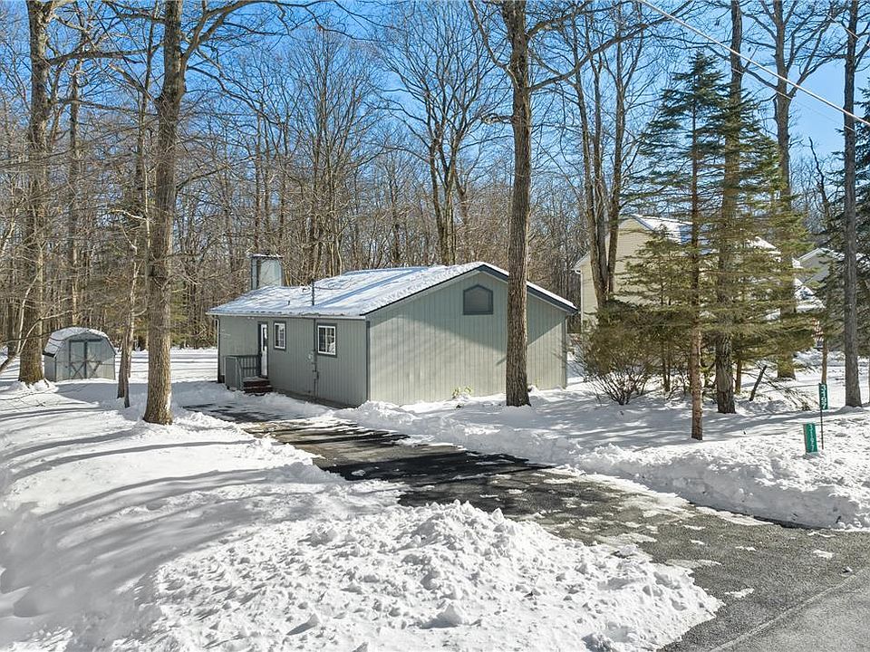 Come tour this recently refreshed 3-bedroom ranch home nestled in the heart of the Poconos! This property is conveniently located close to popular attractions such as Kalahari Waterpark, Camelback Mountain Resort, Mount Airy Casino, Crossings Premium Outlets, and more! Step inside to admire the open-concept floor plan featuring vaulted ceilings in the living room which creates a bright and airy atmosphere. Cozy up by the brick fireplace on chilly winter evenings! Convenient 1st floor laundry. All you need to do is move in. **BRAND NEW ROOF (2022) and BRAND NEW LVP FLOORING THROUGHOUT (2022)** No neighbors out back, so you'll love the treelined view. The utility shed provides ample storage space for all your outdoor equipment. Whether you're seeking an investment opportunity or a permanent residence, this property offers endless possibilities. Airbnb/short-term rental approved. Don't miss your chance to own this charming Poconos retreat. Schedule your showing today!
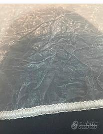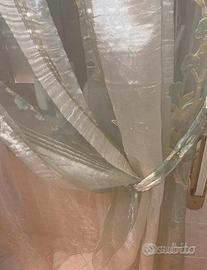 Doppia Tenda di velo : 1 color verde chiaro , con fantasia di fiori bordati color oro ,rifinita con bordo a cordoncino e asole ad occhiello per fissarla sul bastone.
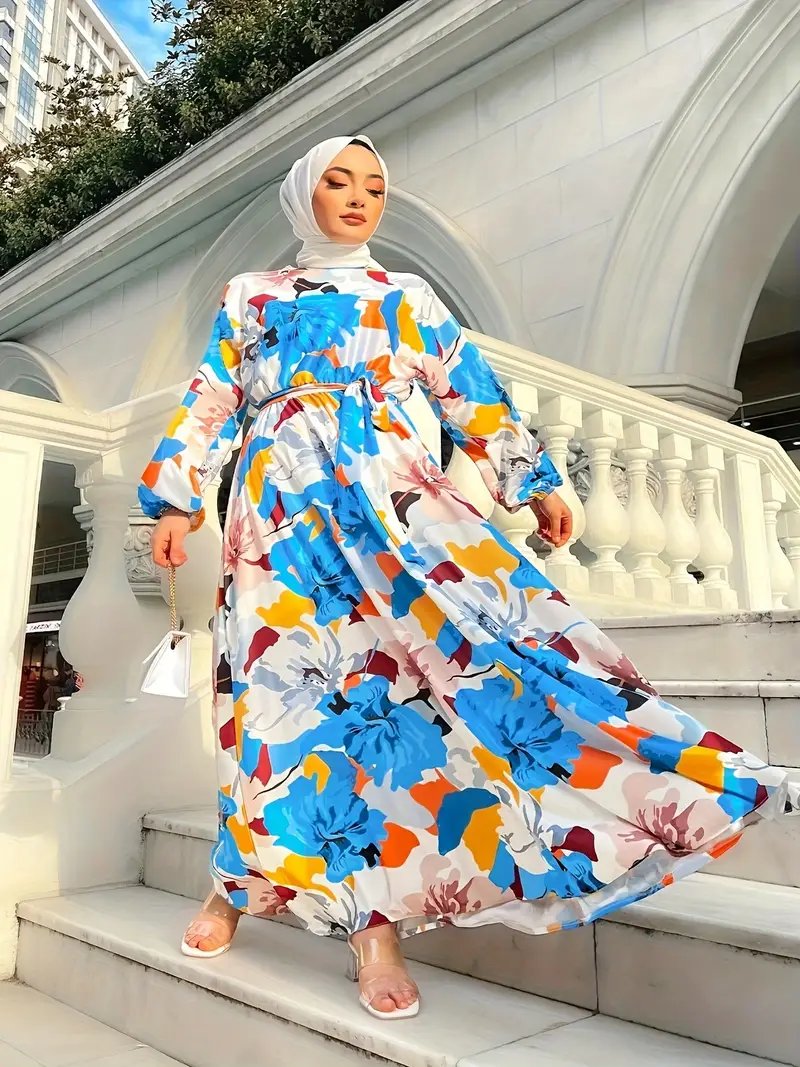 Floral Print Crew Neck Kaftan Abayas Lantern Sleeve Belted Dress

* _DIRECTIONS_:
Retype the whole listing above exactly as written. Skip the pictures.

* _RESULT_:
 Come tour this recently refreshed 3-bedroom ranch home nestled in the heart of the Poconos! This property is conveniently located close to popular attractions such as Kalahari Waterpark, Camelback Mountain Resort, Mount Airy Casino, Crossings Premium Outlets, and more! Step inside to admire the open-concept floor plan featuring vaulted ceilings in the living room which creates a bright and airy atmosphere. Cozy up by the brick fireplace on chilly winter evenings! Convenient 1st floor laundry. All you need to do is move in. **BRAND NEW ROOF (2022) and BRAND NEW LVP FLOORING THROUGHOUT (2022)** No neighbors out back, so you'll love the treelined view. The utility shed provides ample storage space for all your outdoor equipment. Whether you're seeking an investment opportunity or a permanent residence, this property offers endless possibilities. Airbnb/short-term rental approved. Don't miss your chance to own this charming Poconos retreat. Schedule your showing today!
 Doppia Tenda di velo : 1 color verde chiaro , con fantasia di fiori bordati color oro ,rifinita con bordo a cordoncino e asole ad occhiello per fissarla sul bastone.
 Floral Print Crew Neck Kaftan Abayas Lantern Sleeve Belted Dress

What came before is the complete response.